SMI Traffic Policies

Learn about the traffic policies supported by NGINX Service Mesh and how to configure them.

Overview

This topic discusses the various traffic policies that are supported by NGINX Service Mesh. We support the SMI spec to allow for a variety of functionality within our mesh, from traffic shaping to access control. NGINX Service Mesh provides additional traffic policies to extend on the SMI spec. This topic provides examples of how you can use the SMI spec and NGINX custom resources with NGINX Service Mesh to apply policies and control your traffic.

Refer to the SMI GitHub repo to find out more about the SMI spec and how to configure it.

SMI Specification

Traffic Splitting

You can use the SMI TrafficSplit spec to implement Canary, A/B testing, and other traffic routing setups.

NGINX Service Mesh is also compatible with Flagger and other SMI-compatible projects.

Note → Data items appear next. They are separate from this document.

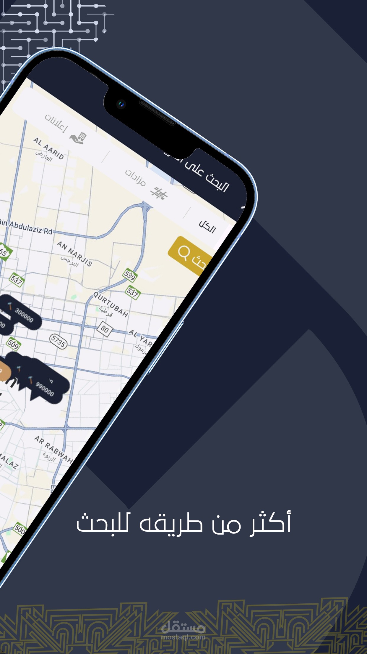 كما يوفّر خاصية البحث على الخريطة بحيث يمكن للمستخدم استعراض العقارات والمزادات المتاحة في موقعه الحالي أو في أي منطقة يختارها.
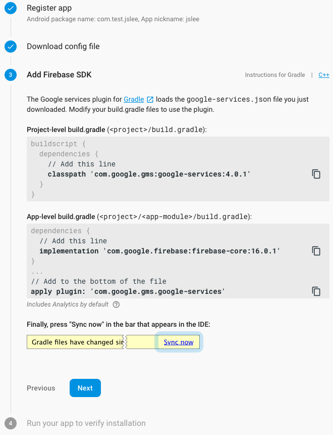 3-3. google-services.json 파일 다운 받아 프로젝트에 추가하기
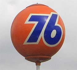 The Union Oil Company “76” brand was launched at service stations in western states. The brand’s orange circle with blue type logo was adopted in the 1940s, and the “76” orange orb first appeared at the 1962 World’s Fair in Seattle. A smaller version of the ball proved so popular that millions would be given away as bright attachments to car antennas.
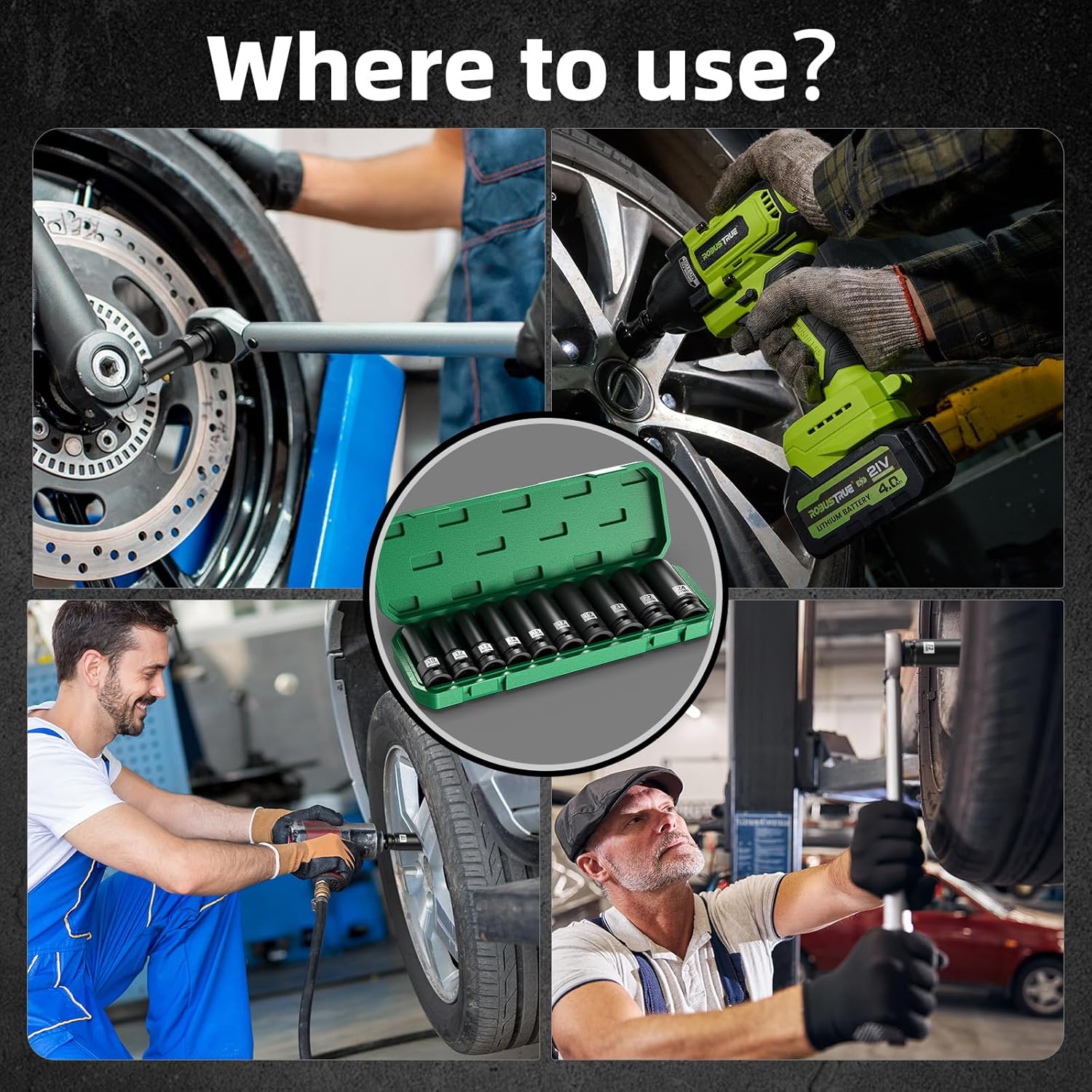 About this itemn?Complete Metric Socket Solution?Our comprehensive Robustrue Socket Set Wrench kit covers sizes 10-12-13-14-16-17-19-21-22-24mm, ensuring you have the right tool for any bolt or nut in automotive, household repairs, or DIY projects.n?Quick-Release Mechanism? The quick-release button on the ratchet handle ensures smooth socket changes, allowing you to quickly switch sizes without losing momentum on the job.n?Ergonomic Design for User Comfort? The set includes a rugged, easy-grip wrench handle that fits all sockets, providing a non-slip hold even with greasy hands and minimizing hand fatigue during extended use.n?Premium Chrome Vanadium Steel Construction? Engineered with high-strength chrome vanadium steel, each socket offers exceptional durability and wear resistance, ensuring a lifetime of reliable performance and accurate fits.n?Durable Storage Case Included? Keep your sockets organized and protected with our sturdy, compact storage case. Each socket is neatly labeled and securely held in place, ensuring theyre always ready when you need them and easy to transport wherever your projects take you.nTrust Robustrue for precision tools that ensure the success of every project.n See more product details
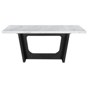 Bring together family and friends at this modern style dining table set. The table features a thick, marble top that is spacious enough for six people. Sleek open and airy trestle base with a center punch out, rustic striking color combination lends a dramatic touch and grounds the room elegantly. The set of chairs with a rolled backrest with button-tufted details lends a traditional aesthetic to a space. Also, bringing to your home the classic elements is a padded seat with individual nailhead trim that offers a charming detail.
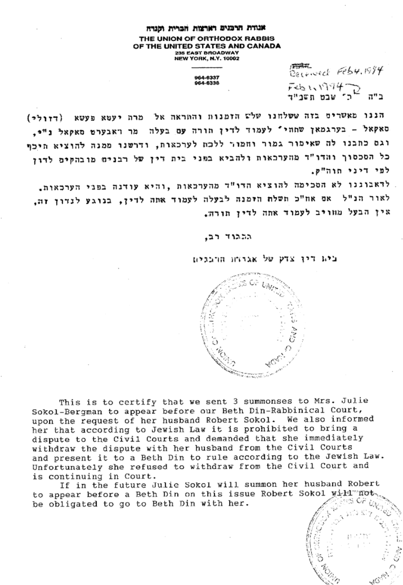 Beth Din Ruling from the Union of Orthodox
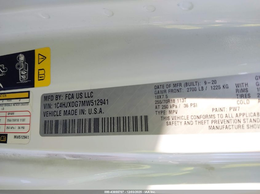 Колір БілийЦиліндри 6Привід Повний привідVIN 1C4HJXDG7MW512941Стан Заводиться та їде (перевірено)Ушкодження Права сторона AutoRIA

The Deployments using Traffic Splitting tutorial provides a walkthrough of using traffic splits in a deployment.

Note:
The NGINX Plus Ingress Controller’s custom resource TransportServer has the same Kubernetes short name (ts) as the custom resource TrafficSplit. If you install the NGINX Plus Ingress Controller, use the full names transportserver(s) and trafficsplit(s) when managing these resources with kubectl.

Traffic Split Matches

The TrafficSplit spec outlines how you can split traffic based on headers in order to implement A/B testing. NGINX Service Mesh expands on this concept by allowing you to split traffic based on the path, HTTP methods, and/or headers of a request. This is achieved by specifying matches that associate HTTPRouteGroups with your traffic split policy.

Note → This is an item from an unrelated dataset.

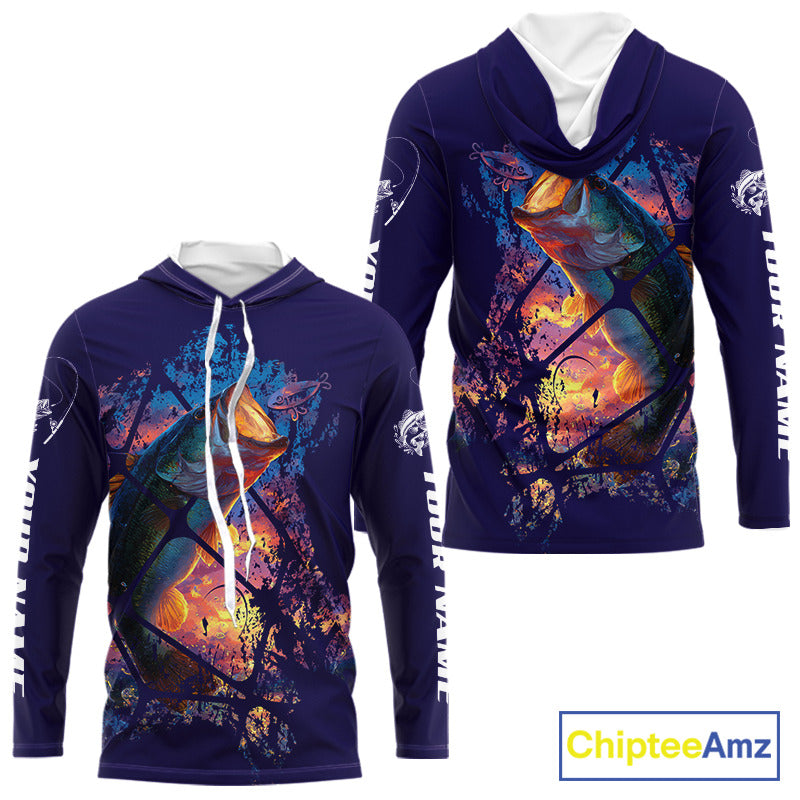 Largemouth Bass Artistic Long Sleeve Hooded Fishing Shirts Personalized Name NHT399

apiVersion: split.smi-spec.io/v1alpha3
kind: TrafficSplit
metadata:
  name: target
spec:
  service: target-svc
  backends:
  - service: target-v1
    weight: 0
  - service: target-v2
    weight: 1
  - service: target-v3
    weight: 0
  matches:
  - kind: HTTPRouteGroup
    name: target-route-group
---
 apiVersion: specs.smi-spec.io/v1alpha3
 kind: HTTPRouteGroup
 metadata:
   name: target-route-group
   namespace: default
 spec:
   matches:
   - name: metrics
     pathRegex: "/metrics"
     methods:
     - GET
  - name: test-header
    headers:
      x-test: "^true$"

This example associates all matches defined in the target-route-group to the target TrafficSplit. When a request is sent to the target-svc, if it’s a GET request to the /metrics endpoint or has the x-test:true header set, the traffic split is applied and the request is routed to the target-v2 service. All other requests will be sent to the root target-svc, which will forward the request to one of the target services based on the load-balancing algorithm of the mesh.

Note:
If there are multiple matches defined in a HTTPRouteGroup, or multiple HTTPRouteGroups listed in the TrafficSplit spec.matches field, then all the matches across all HTTPRouteGroups will be attached to the TrafficSplit. Matches are evaluated with the OR operation, meaning that a request only needs to satisfy one of the matches in order for the traffic split to be applied.

Services named in a TrafficSplit definition should not forward to an overlapping set of Pods. In other words, using the example above, target-v1 and target-v2 should have unique selectors to ensure they are forwarding to different sets of Pods. This avoids any unintentional or confusing traffic flow to incorrect destinations.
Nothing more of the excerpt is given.